Posted 3/3/2013 02:05 pm
Updated 1 year ago
LITTLE ROCK — Republican legislators who had resisted expanding Medicaid in Arkansas say they're encouraged by a new plan that would allow funds from the federal-state program to purchase private insurance for the newly eligible, but say they need more details on how such a system would work.
The announcement last week that the Obama administration had given Arkansas permission to pursue the plan as an alternative to expanding Medicaid eligibility alters a debate that legislators had said would be the top issue of this legislative session. But state officials and legislators say the idea still has hurdles to face in a majority-Republican Legislature that has generally opposed a straight-up expansion of Medicaid.
"It really just opened up 100 new questions," said House Public Health Committee Chairman John Burris, R-Harrison.
Under the proposal, low-income citizens — those who make up to 138 percent of the poverty line, which amounts to $15,415 per year — would receive private insurance purchased using federal Medicaid dollars. The insurance would be purchased through the exchange created under the federal health care law.

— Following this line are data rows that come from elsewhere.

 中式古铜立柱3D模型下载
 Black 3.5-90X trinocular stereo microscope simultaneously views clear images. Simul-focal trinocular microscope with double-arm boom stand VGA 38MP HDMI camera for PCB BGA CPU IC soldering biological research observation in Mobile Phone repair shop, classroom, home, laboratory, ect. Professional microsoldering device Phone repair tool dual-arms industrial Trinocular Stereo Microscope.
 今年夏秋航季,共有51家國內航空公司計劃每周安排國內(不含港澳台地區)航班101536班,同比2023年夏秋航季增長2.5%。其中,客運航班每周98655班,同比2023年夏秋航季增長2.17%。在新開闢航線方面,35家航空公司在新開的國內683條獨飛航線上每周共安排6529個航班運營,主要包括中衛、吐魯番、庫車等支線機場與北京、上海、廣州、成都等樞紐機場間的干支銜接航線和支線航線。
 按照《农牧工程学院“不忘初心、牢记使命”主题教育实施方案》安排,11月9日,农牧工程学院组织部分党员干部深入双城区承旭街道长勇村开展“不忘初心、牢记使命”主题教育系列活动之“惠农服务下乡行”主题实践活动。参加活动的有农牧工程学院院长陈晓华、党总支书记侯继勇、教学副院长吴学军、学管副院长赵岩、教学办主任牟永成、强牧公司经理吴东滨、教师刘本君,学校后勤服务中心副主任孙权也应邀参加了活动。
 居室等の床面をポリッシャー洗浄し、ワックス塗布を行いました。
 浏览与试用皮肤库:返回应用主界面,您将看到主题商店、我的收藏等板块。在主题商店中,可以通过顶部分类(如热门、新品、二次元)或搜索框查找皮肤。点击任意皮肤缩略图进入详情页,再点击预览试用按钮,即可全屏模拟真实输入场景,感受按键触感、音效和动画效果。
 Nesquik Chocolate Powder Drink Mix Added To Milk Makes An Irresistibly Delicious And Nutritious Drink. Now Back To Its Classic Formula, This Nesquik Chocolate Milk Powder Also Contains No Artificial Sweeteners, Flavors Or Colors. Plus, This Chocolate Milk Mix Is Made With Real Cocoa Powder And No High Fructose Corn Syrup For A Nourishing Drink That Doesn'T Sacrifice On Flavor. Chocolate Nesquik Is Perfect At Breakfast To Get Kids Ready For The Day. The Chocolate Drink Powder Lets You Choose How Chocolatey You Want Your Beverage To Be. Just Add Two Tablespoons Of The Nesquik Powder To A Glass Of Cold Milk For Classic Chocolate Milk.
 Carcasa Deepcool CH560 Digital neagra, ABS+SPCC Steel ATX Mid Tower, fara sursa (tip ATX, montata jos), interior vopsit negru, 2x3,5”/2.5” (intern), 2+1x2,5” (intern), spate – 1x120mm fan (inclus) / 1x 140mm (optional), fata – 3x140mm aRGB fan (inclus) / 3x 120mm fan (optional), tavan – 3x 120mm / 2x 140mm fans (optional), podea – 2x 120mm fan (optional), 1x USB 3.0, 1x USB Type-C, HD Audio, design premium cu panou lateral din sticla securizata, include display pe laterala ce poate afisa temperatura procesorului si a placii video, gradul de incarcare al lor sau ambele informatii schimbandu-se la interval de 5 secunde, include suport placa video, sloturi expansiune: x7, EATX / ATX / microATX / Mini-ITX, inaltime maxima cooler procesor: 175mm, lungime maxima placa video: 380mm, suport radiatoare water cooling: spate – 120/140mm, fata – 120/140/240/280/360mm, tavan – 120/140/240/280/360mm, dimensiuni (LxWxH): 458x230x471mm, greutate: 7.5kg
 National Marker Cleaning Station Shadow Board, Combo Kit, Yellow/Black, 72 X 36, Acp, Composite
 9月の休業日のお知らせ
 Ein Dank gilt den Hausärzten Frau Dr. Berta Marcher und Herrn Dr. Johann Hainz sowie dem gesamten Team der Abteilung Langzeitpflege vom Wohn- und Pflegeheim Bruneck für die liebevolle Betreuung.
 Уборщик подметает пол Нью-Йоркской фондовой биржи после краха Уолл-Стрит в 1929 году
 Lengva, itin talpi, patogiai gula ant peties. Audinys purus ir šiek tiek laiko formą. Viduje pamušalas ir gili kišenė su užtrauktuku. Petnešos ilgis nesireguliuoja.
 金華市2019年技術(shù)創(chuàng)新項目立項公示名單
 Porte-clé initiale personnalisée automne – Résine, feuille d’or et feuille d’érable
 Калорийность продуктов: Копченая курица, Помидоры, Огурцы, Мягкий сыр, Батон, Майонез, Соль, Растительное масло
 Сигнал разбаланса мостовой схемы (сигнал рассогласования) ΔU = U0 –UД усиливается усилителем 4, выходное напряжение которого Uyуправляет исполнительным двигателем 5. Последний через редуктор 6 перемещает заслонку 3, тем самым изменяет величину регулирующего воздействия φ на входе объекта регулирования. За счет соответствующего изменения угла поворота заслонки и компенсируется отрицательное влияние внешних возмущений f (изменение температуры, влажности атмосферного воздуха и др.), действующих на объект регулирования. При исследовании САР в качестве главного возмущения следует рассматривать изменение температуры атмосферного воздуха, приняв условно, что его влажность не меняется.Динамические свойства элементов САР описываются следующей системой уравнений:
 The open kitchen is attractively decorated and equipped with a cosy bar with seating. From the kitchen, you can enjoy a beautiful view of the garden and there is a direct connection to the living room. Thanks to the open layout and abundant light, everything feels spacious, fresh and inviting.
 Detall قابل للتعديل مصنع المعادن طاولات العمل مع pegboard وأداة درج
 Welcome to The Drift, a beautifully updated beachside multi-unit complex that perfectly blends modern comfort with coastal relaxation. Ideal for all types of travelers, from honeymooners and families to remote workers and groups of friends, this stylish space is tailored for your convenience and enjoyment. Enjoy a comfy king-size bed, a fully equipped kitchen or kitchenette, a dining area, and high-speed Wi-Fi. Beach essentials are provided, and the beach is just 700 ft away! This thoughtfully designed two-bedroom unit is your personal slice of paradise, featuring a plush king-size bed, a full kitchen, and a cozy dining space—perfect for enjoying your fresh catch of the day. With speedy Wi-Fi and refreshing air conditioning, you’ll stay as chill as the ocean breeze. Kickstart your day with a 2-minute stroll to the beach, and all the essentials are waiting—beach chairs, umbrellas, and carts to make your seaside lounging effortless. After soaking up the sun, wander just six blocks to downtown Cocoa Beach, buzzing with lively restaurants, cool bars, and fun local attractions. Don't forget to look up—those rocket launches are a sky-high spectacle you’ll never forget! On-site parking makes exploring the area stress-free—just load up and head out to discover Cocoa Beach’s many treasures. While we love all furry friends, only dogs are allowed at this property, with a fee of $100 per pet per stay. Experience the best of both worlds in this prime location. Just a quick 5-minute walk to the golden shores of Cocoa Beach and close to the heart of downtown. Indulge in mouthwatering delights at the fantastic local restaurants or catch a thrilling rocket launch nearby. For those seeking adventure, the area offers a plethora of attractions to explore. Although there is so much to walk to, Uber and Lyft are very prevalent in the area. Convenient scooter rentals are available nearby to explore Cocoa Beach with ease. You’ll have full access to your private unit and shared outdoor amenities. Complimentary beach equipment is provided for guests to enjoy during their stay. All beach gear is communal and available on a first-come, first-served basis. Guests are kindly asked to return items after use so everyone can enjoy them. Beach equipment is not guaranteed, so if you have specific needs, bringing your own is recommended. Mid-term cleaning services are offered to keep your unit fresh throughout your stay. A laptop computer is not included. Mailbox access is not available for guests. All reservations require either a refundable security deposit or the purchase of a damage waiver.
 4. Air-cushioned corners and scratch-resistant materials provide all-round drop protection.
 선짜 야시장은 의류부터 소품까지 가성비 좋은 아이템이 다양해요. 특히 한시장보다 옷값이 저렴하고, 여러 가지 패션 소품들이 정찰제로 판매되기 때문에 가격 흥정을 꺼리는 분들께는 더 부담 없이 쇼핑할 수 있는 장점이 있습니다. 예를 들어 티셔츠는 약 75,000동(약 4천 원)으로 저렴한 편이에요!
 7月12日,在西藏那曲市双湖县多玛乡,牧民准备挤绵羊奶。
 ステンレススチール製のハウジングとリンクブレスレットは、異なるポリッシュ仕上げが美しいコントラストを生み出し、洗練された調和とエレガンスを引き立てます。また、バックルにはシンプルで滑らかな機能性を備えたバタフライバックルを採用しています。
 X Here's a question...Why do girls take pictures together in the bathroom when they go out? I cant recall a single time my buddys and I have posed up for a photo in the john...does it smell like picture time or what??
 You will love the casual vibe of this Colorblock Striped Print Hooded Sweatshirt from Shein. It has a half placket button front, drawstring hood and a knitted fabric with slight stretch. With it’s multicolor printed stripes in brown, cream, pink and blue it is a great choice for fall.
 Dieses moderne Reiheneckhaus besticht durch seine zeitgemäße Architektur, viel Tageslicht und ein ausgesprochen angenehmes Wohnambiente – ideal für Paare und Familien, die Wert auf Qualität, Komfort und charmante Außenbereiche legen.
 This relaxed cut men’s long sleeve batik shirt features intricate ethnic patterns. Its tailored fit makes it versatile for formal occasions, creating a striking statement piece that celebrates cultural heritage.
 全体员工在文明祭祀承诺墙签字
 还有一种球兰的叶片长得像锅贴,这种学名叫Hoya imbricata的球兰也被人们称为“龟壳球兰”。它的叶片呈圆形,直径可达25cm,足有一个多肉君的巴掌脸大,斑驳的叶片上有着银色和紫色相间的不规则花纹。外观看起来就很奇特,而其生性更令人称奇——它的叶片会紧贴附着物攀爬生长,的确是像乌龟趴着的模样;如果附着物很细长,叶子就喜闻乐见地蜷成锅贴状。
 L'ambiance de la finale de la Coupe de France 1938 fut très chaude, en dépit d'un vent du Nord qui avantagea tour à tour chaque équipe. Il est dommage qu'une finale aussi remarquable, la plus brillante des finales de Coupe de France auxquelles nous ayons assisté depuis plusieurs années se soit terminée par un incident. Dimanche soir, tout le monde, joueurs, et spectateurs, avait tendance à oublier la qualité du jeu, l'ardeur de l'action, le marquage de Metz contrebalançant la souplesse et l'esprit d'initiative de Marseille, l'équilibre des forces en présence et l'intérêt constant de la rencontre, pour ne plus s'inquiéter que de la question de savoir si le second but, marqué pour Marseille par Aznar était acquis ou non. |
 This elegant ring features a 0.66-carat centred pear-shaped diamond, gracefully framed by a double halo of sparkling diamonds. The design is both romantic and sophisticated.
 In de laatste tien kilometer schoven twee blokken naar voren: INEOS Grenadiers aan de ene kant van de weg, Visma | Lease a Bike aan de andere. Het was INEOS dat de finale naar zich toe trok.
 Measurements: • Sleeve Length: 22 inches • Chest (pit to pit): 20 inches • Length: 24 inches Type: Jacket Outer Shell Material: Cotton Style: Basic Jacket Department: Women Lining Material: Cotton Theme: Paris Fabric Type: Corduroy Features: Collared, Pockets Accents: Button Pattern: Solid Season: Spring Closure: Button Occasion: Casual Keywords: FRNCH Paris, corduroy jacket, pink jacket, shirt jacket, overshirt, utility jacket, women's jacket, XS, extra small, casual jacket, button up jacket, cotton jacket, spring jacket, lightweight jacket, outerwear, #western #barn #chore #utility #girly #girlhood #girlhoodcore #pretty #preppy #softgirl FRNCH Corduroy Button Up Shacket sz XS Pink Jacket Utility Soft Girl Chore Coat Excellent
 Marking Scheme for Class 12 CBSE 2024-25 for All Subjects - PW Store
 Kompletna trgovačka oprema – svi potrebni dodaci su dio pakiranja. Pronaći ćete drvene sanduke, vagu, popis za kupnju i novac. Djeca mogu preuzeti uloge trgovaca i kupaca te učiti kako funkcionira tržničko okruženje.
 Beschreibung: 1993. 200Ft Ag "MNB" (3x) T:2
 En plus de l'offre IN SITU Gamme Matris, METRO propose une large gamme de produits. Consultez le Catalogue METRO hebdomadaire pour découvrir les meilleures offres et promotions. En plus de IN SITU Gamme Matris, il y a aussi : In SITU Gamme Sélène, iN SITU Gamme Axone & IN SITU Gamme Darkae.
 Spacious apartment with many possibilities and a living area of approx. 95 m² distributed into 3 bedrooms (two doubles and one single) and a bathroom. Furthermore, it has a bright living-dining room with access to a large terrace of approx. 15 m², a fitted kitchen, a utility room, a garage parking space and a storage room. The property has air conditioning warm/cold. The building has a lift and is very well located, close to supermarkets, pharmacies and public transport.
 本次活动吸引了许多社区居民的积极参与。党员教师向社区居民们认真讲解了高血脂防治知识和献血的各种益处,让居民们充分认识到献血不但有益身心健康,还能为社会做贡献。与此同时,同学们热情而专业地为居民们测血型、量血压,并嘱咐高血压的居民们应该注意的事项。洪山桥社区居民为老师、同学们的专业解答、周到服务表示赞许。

The money would cover the cost of the private insurance premiums, but the state would have the flexibility to impose co-pays and other charges.
The federal government would pay the full cost of the health care expansion for the first three years, after which point the state's portion will begin to gradually increase to 10 percent of the cost.
The concept of putting 215,000 uninsured people on private plans offered through the exchange is appealing to Burris and other Republicans, who say the state's Medicaid program can't handle adding that many people to its rolls.
"You are creating a conservative market-based consumer-friendly health care system as opposed to expanding an already broken Medicaid system that's insolvent and provides lower quality of care," Burris said.
State Human Services officials say administrative costs would drop in the long run, and that adding that many people could help strengthen the state's private insurance market.
"Our philosophy has always been we ought to be doing services if it's not available elsewhere," State DHS Director John Selig said last week. "If the private market can serve these people, we in Medicaid don't have any particular desire to."
Selig said the details the state still needs to work out is how to put 215,000 more people on the exchange, which would more than double the number officials had originally anticipated for the insurance marketplace.
"Our intention overall in doing this is for this as much as possible simply be seamless, that when people go into the private market they look like any other client going into the exchange," Selig said.
The other major question is how the state would set up co-pays that Republicans have long sought as part of any expansion agreement. Selig said recent federal guidelines give Arkansas and other states much more flexibility on co-pays for those making more than 100 percent of the poverty level.
The co-pays would likely be targeted more toward areas that Medicaid thinks recipients should be using less, such as going to the emergency room for non-emergency services, he said.
"I think there's a general feeling that where it's reasonable it makes sense to have cost-sharing at various income levels, particularly for things you want to discourage," Selig said.
Legislators say they want to see in writing what U.S. Health and Human Services Secretary Kathleen Sebelius promised Gov. Mike Beebe and state officials about the new Medicaid approach. The U.S. Department of Health and Human Services hasn't publicly confirmed many of the details that Beebe and DHS have announced about the new approach on expanding health coverage in the state.
"Our goal in working with states has been to be as flexible as possible within the confines of the law," Erin Shields Britt, a spokeswoman for the federal department, said last week. "In her meeting with Governor Beebe, Secretary Sebelius expressed support for ideas from the state that would take advantage of this flexibility and said she was glad to see the state considering an innovative, state-based approach."
Senate Public Health Committee Chairwoman Cecile Bledsoe said she wants to know more.
"What I heard were things that I liked, but I need the details and I feel like we need to handle it possibly in a special session," said Bledsoe, R-Rogers. "This is a very complicated matter, and it's not just a question of do you like what you've heard but how does it all work together?"
Beebe has said he wants legislators to make a decision in the current session.
The other hurdle may be a lack of detail so far on how much the private plan would cost as opposed to regular Medicaid expansion. Selig has said the department expects costs for Medicaid will likely go down since it wouldn't have the administrative costs of adding more people to its rolls, but Beebe has said legislators likely won't see a new dollar figure before they vote on this plan.
Beebe has said a proposed "sunset provision" that would require legislators to re-approve the deal before Arkansas' costs kick in after three years would give the state a track record on the cost of the private plan.
The idea still must win over three-fourths of the House and Senate. Republicans are far from saying they're ready to back on to the proposal, but say they're at least ready to move closer to a potential vote.
"We now have the rules to the game," said Sen. Jonathan Dismang, R-Beebe. "So we get to tailor and see what we can come up with."